At least two neighbors pleaded with Lyn McFarland to leave his beloved riverside home and spend the night with them the evening of Sept. 26.
But McFarland, an outgoing real estate agency owner with a wide circle of friends in the Botany Woods subdivision in Oteen, loved everything about the Swannanoa River. Its beauty. The way it calmed people and brought them together. Its power.
Tony DeLaurentis, McFarland’s neighbor and close friend, lives up the hill from the now-barren spot that held McFarland’s two-story home. They would often have dinner together on McFarland’s riverside deck, admiring the view and the sound of the water, and enjoying the company of McFarland’s beloved Lab-beagle mix, Poco.
“The irony was, we had a nice dinner the night before [Helene], and I said, ‘Come on up, come on up,’” DeLaurentis said. “And he’s like, ‘Nah, the river’s going down. It went down three feet since we had dinner.’”
The water, DeLaurentis says, has a way of “tricking people a little.”

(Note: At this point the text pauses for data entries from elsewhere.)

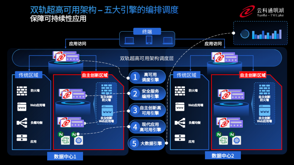 为实现双轨超高可用架构信创区和非信创区的跨域协同,实现信创区域和非信创区域的平滑过渡,神州米兰电竞通过五大引擎实现多层次的应用可持续性。
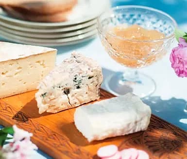 Ädelostbakad kyckling med ugnsstekta päron och rödbetor
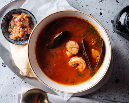 French bouillabaisse fish soup with shrimp, mussels and scallop. In a white plate on a textile background
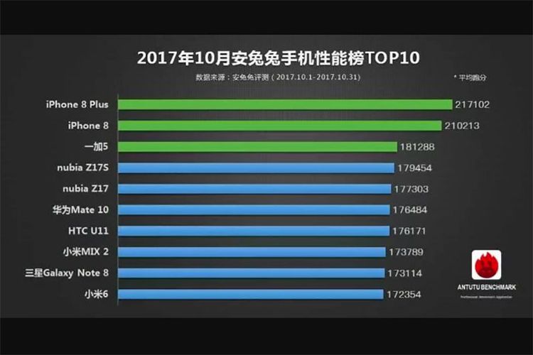 Antutu adalah situs Bechmark populer saat ini kembali memberikan daftar smartphone dengan memiliki skor tertinggi dalam durasi tertentu. Daftar tersebut berdasarkan skor yang dicatat dari masing-masing smartphone hingga Oktober 2017.
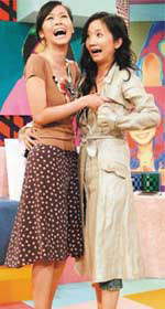 侯佩岑和天心日前錄影臺灣節(jié)目《桃色蛋白質》,在訪問陶晶瑩(陶子)時,佩岑竟突向陶子“胸襲”,令陶子愕然。

“Early Friday morning, it just all went to hell,” DeLaurentis said. “I can’t explain how fast the water rose. It wasn’t a gradual (rise) or a tidal wave. It just was like this water level, then that water level.”
He gestured with his hand as low as possible, then as high as possible.
‘The minute never came’
McFarland, 68, and Poco were last seen standing on a piece of the two-story home as it bobbed downstream in the muddy torrent. About a week later, a search and rescue team found his body about two miles away.

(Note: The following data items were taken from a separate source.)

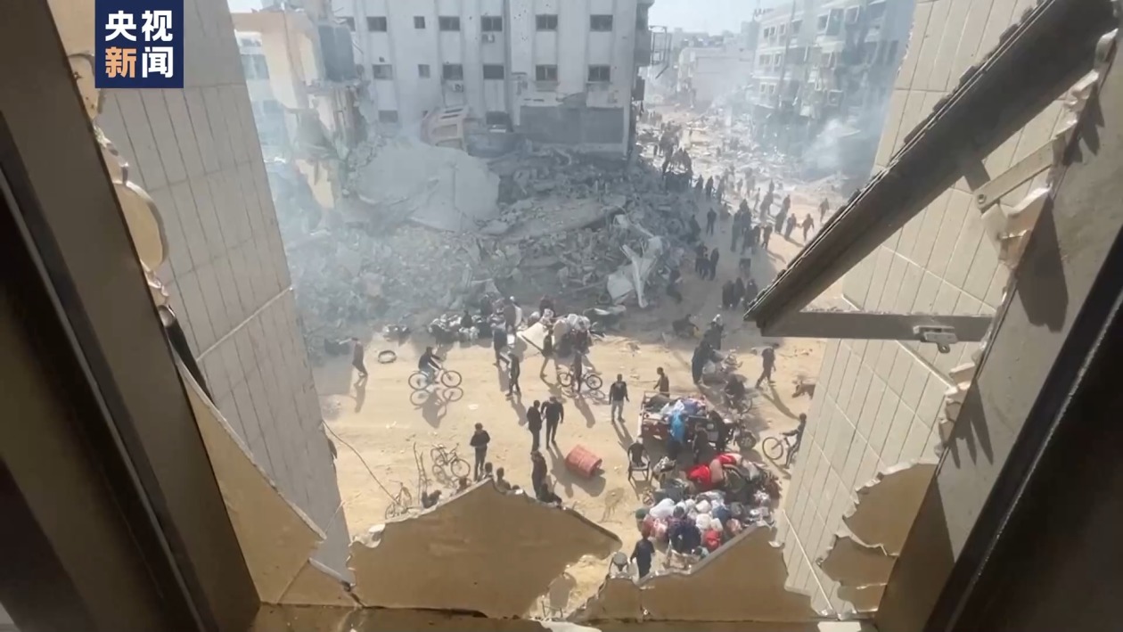 总台报道员 奥萨马·阿什:此刻我们正位于希法医院,眼前的景象和以往已大不相同。整个医院的建筑都遭到了严重破坏,专业团队正试图从废墟中搜寻更多遇难者的遗体。这家医院是加沙地带最大的医院,在过去几天里遭到了持续的袭击,我们可以看到医院遭到破坏,也注意到有许多流离失所者正试图找回他们的财物,或是他们离散的亲属。
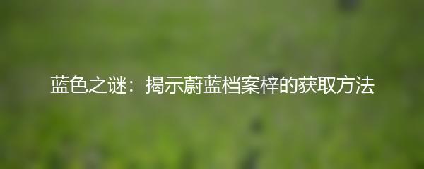 蓝色之谜:揭示蔚蓝档案梓的获取方法
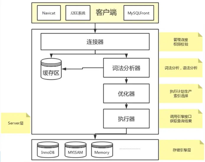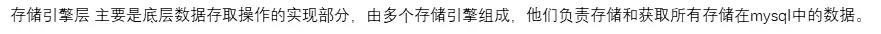 - 存储引擎层: 主要是底层数据存取操作的实现部分,由多个存储引擎组成,他们负责存储和获取所有存储在mysql中的数据。

“I thought I saw him for a split second in the water, and that was it,” said DeLaurentis, 62, describing his last glimpse of his friend.
DeLaurentis said he and a group of younger men ran down to the next water access, hoping to spot McFarland again.
Even when they realized McFarland had been swept away, they held out hope he’d be washed ashore.
“It was just, ‘Ok, he’ll be up any minute, you know,” DeLaurentis said. “And the minute never came.”
McFarland’s ex-husband, Alex Poblet, who also owns a home in Botany Woods in the Oteen area, said he and McFarland moved into the home on Driftwood Court in 2006. They divorced a decade later but remained friends.
Over the years, Poblet said, milder floods came up in the yard, once even in the basement. The home was listed as being in the floodplain in Buncombe County records.
By estimating the water lines on houses across the street from the homes that washed away, DeLaurentis calculates the river hit at least 37 feet high. At 10:25 that morning, the water had risen up over Driftwood Court.
“And then by 10:39 the houses were gone, and you could just hear this incredible crashing noise,” DeLaurentis said. “And it takes you a second to realize, the house is breaking up. And they’re not like floating down the river; they’re just disintegrated.”
Everyone else in the neighborhood got out before their houses were swept away, DeLaurentis said. He thinks McFarland just miscalculated how fast the river could rise.
The homes in this part of Botany Woods sat yards from the Swannanoa, but well above the river. DeLaurentis has tallied 11 homes that are gone and two that are badly damaged.
Like McFarland, residents traded a little risk for the beauty of the river on a daily basis.
“His favorite thing is to spend (time) sitting by the river every evening with the dog,” DeLaurentis said, still using the present tense about his friend a month later. “They walked up and down the road, and I joined him a bunch of times walking with the dog. He loved the river.”
Poco, McFarland’s dog, really didn’t. He looked like a yellow Labrador retriever, “but he wasn’t a big water dog,” DeLaurentis said, noting Poco was a mix-breed, including possibly some shar-pei. “So he looked like a golden with a really loose suit.”
Remains of the home are scattered about the property and beyond. McFarland’s Dodge Ram pickup truck ended up corkscrewed into a tree.
The front steps remain, but with no door or wall behind them. Neighbors have adorned the stone steps with flowers, McFarland’s beloved artwork and small items of his they’ve found, creating an impromptu memorial.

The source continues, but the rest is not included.